##### Data shown #####

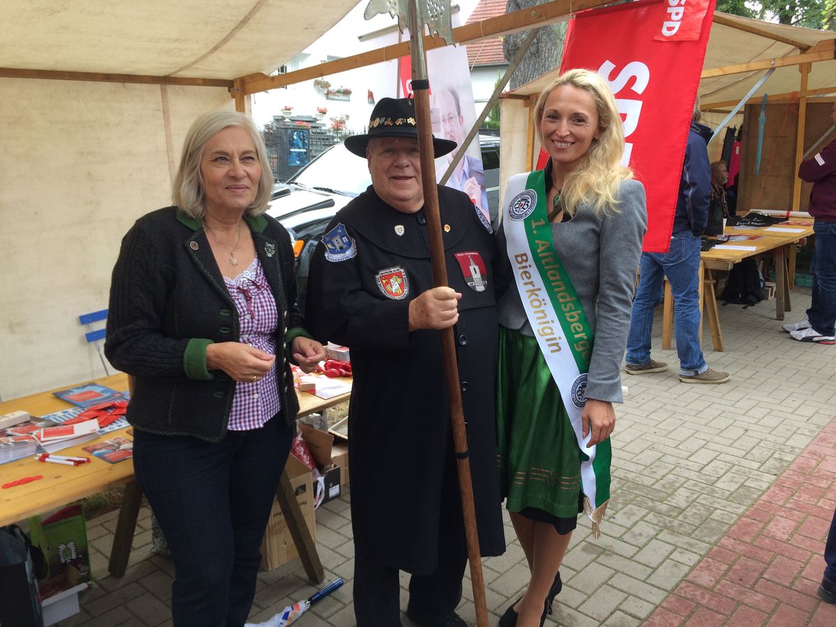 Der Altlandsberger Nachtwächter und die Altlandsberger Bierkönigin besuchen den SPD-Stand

#####
##### Data shown #####

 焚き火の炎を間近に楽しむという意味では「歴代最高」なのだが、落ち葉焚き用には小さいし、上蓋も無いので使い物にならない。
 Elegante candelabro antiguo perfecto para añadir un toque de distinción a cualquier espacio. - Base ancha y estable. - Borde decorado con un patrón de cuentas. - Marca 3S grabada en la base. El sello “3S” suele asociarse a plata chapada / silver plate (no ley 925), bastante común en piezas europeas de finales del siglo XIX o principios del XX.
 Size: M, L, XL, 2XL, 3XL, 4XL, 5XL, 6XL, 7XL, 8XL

#####
##### Data shown #####

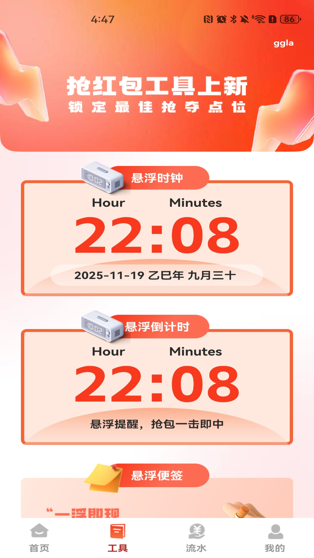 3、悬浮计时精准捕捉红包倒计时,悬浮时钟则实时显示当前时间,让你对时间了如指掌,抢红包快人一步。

#####

▸ Task description: Would you copy out exactly the lines above that start at the one containing "焚き火の炎を間近に楽しむとい" and end at the one containing "Size: M, L, XL, 2XL, 3XL, 4XL, 5XL, 6XL, 7XL, 8XL", inclusive?

▸ Result:
 焚き火の炎を間近に楽しむという意味では「歴代最高」なのだが、落ち葉焚き用には小さいし、上蓋も無いので使い物にならない。
 Elegante candelabro antiguo perfecto para añadir un toque de distinción a cualquier espacio. - Base ancha y estable. - Borde decorado con un patrón de cuentas. - Marca 3S grabada en la base. El sello “3S” suele asociarse a plata chapada / silver plate (no ley 925), bastante común en piezas europeas de finales del siglo XIX o principios del XX.
 Size: M, L, XL, 2XL, 3XL, 4XL, 5XL, 6XL, 7XL, 8XL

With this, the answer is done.